What you will do: The reply should hold only the lines from the one with "Zum Inhalt springenUnisex" to the one with "This saddle is", both ends kept, exactly as they appear below, without any pictures.

(Items from a data source)
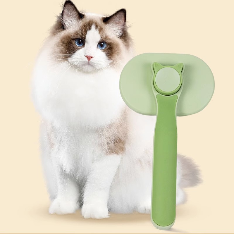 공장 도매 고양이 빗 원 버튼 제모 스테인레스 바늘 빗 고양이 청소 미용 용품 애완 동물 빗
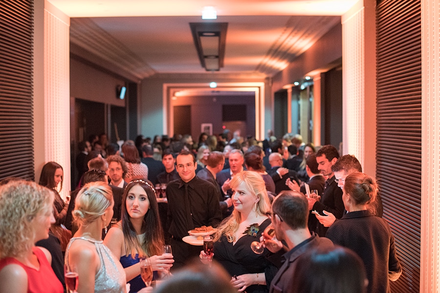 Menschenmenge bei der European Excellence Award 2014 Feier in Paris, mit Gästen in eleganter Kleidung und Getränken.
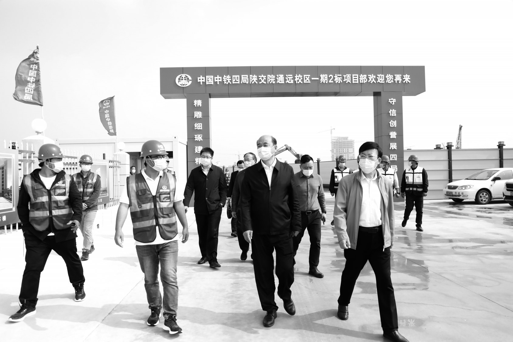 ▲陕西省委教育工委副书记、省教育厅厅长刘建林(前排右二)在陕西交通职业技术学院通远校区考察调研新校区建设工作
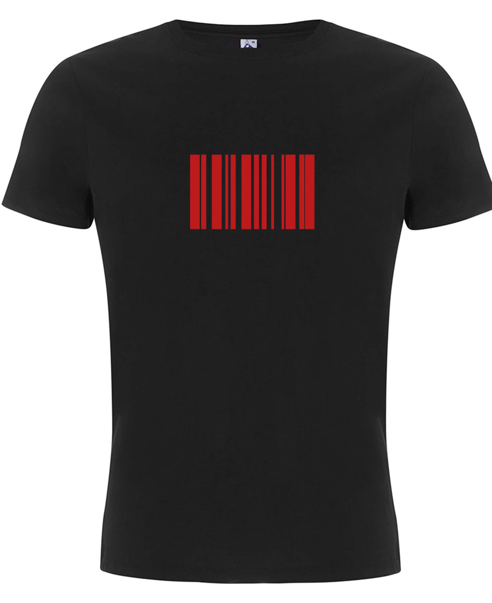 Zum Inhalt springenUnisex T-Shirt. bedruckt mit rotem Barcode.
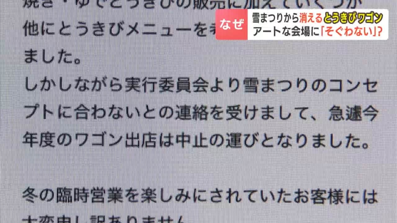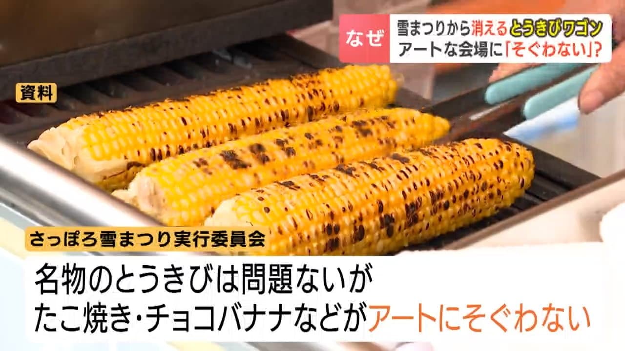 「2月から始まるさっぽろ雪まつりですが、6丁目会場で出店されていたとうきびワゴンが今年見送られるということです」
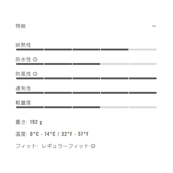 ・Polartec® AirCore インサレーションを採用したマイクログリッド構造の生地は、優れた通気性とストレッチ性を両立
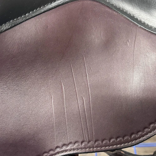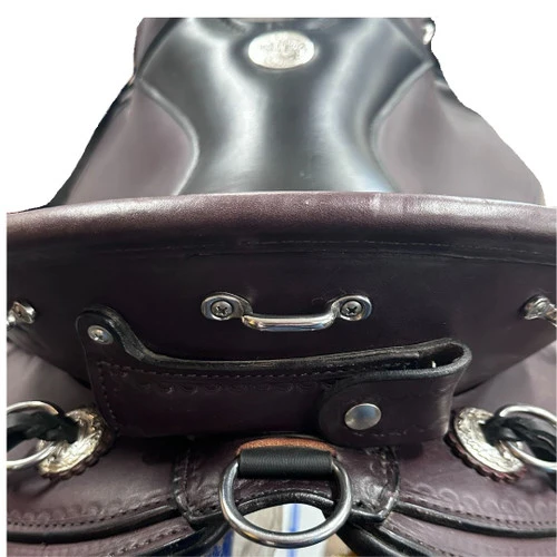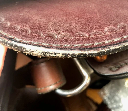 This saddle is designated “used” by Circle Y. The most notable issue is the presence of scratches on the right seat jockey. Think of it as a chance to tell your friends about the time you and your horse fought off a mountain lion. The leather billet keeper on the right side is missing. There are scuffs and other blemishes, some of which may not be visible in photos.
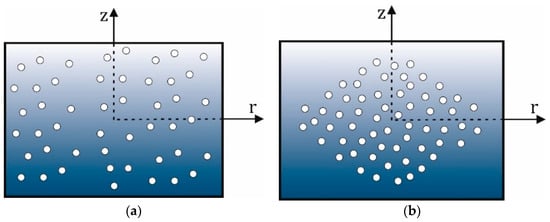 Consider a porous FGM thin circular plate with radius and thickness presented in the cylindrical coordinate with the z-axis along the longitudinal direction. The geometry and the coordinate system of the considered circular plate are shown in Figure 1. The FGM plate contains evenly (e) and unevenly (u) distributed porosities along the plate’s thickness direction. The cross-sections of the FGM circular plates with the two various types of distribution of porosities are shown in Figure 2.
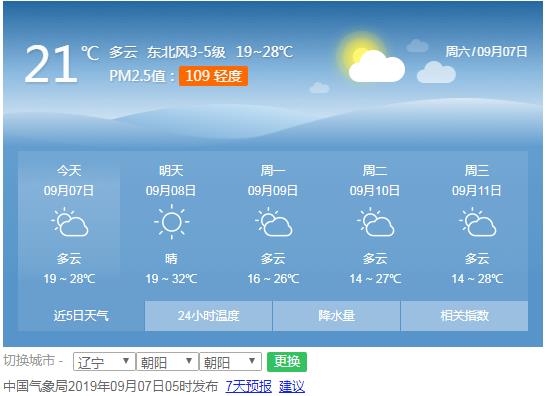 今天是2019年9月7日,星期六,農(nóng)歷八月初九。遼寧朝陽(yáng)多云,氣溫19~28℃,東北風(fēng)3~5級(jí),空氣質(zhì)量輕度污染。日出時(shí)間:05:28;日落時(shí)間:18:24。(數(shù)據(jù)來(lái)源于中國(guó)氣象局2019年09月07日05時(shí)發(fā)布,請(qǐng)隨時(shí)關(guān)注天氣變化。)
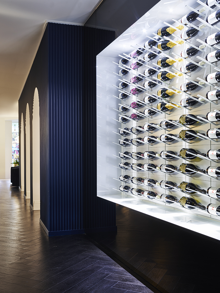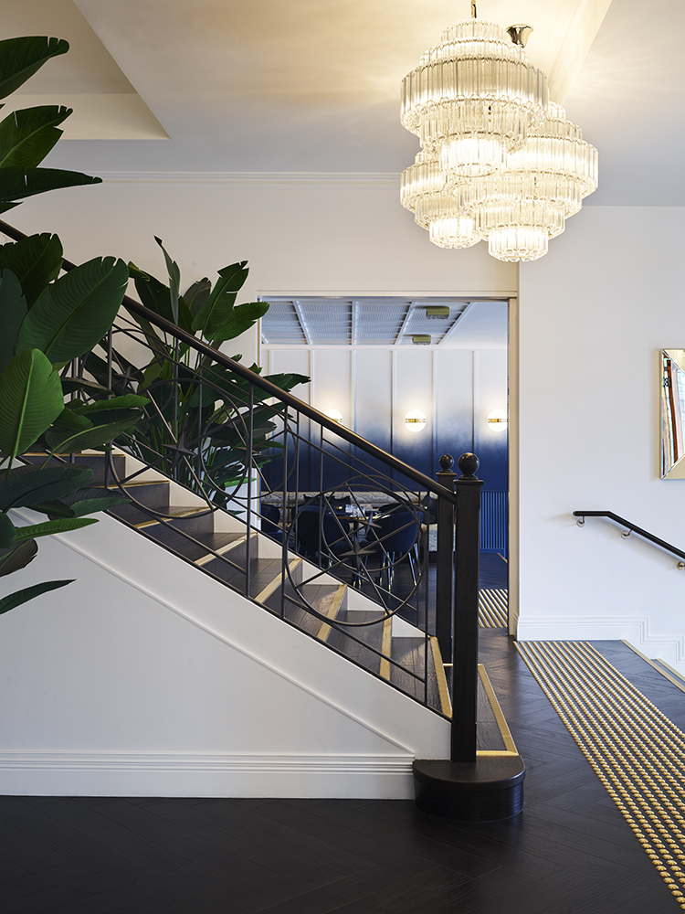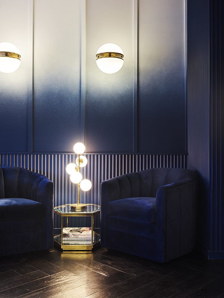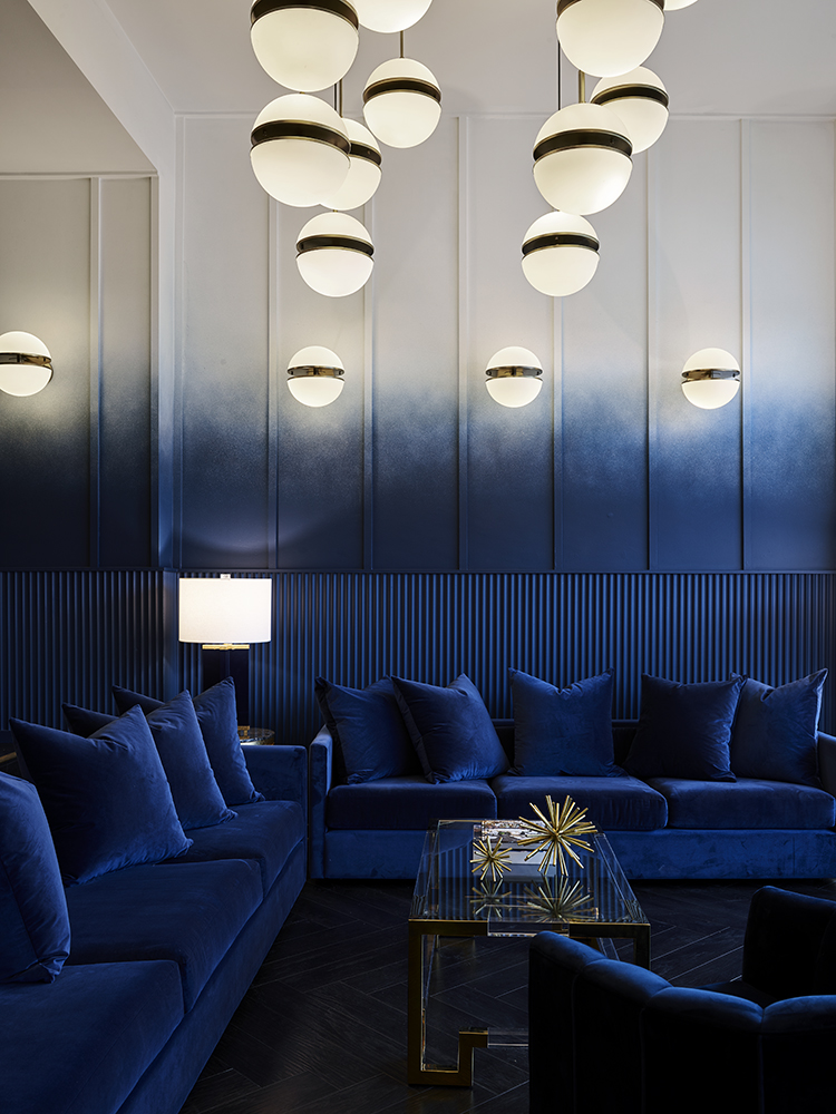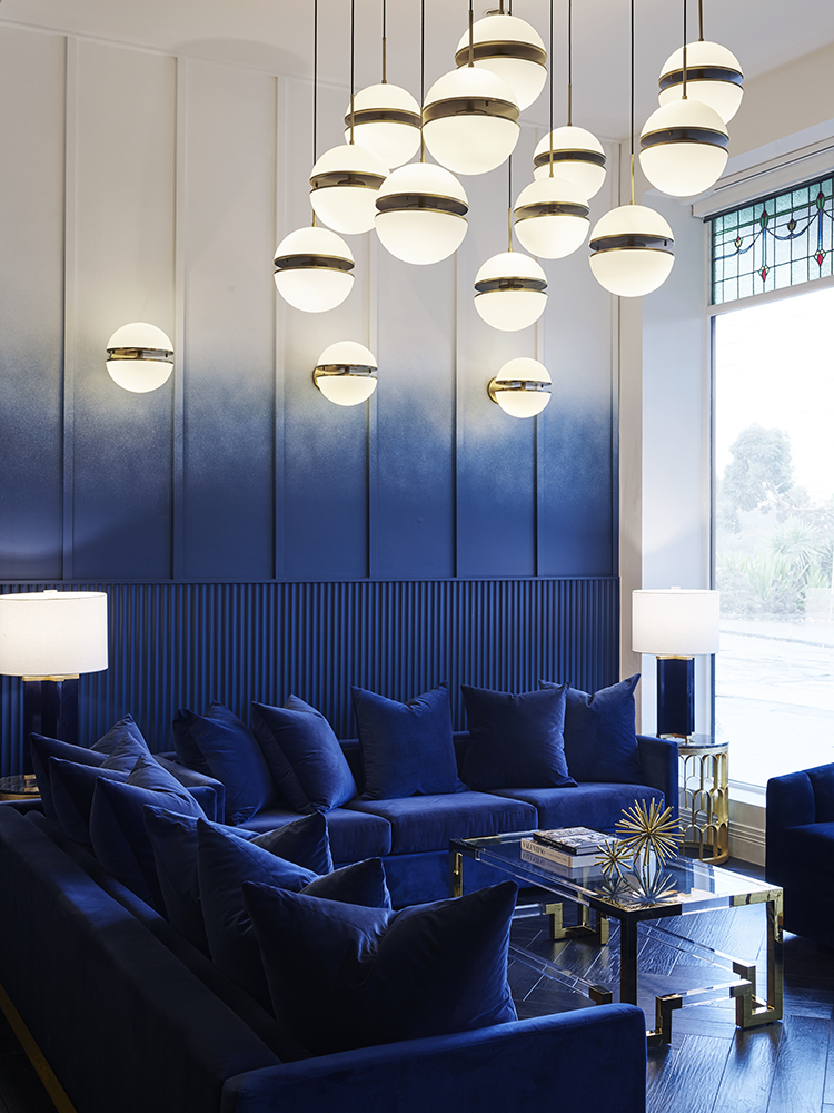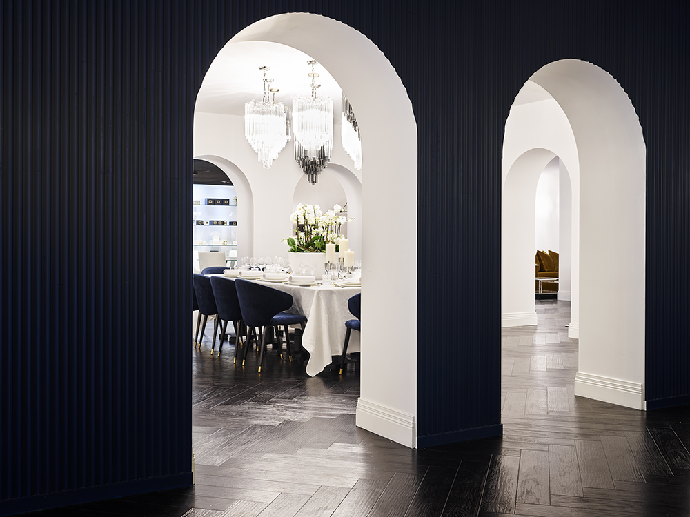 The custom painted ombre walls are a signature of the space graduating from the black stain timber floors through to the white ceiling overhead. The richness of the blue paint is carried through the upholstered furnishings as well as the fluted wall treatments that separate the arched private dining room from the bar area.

--

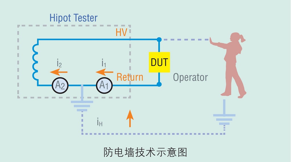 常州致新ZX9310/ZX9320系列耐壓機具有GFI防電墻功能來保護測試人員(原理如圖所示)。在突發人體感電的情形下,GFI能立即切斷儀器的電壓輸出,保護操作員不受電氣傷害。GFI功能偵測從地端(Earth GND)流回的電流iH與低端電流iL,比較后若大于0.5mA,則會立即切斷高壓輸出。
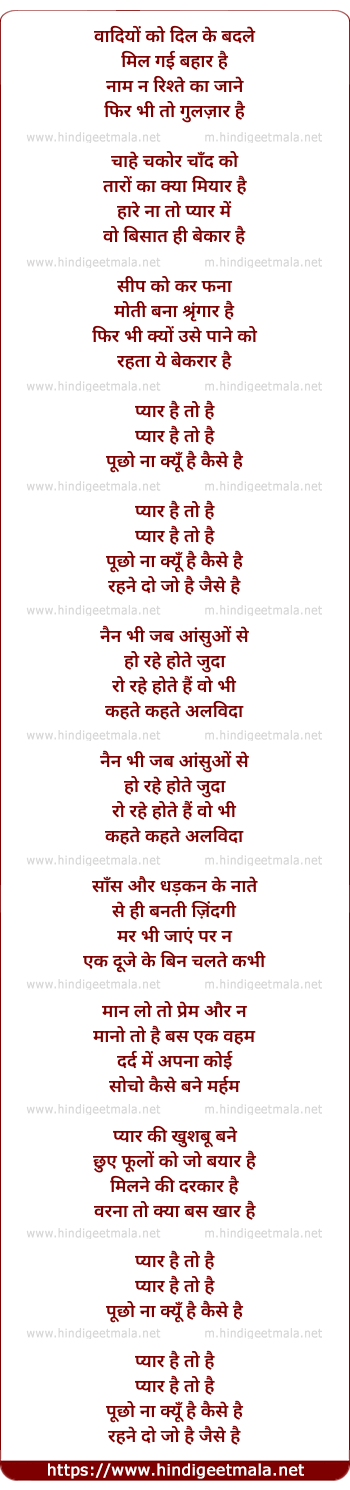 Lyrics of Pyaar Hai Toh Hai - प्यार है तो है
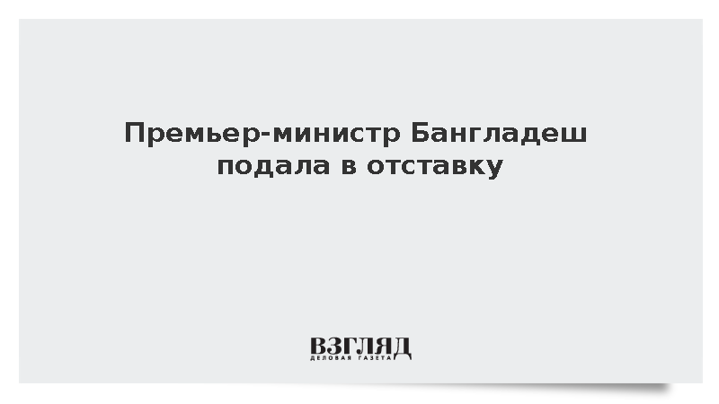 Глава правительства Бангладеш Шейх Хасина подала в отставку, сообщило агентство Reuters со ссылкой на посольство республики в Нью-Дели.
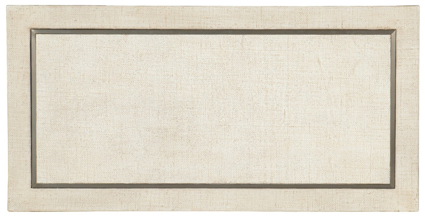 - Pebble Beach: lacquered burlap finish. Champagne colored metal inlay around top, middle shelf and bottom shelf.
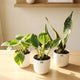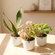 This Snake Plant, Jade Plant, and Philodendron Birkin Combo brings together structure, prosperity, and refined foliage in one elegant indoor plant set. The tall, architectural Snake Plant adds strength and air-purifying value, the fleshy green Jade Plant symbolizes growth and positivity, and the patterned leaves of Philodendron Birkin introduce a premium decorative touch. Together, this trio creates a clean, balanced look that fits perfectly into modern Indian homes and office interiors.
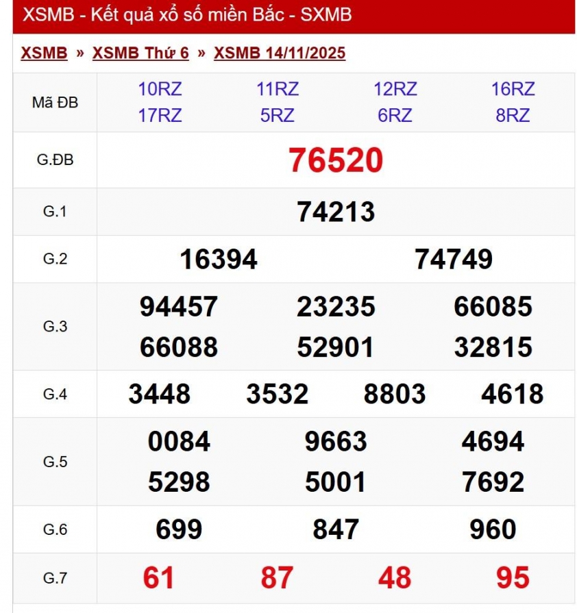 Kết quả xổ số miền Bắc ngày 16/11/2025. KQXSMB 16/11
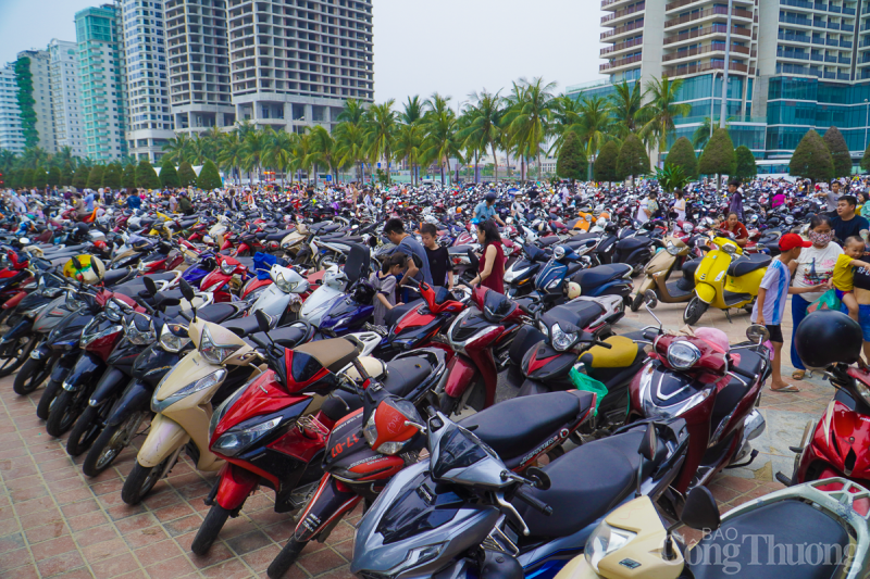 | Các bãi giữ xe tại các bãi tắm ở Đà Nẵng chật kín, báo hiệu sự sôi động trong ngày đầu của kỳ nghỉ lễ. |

Your response:
 Zum Inhalt springenUnisex T-Shirt. bedruckt mit rotem Barcode.
 「2月から始まるさっぽろ雪まつりですが、6丁目会場で出店されていたとうきびワゴンが今年見送られるということです」
 ・Polartec® AirCore インサレーションを採用したマイクログリッド構造の生地は、優れた通気性とストレッチ性を両立
 This saddle is designated “used” by Circle Y. The most notable issue is the presence of scratches on the right seat jockey. Think of it as a chance to tell your friends about the time you and your horse fought off a mountain lion. The leather billet keeper on the right side is missing. There are scuffs and other blemishes, some of which may not be visible in photos.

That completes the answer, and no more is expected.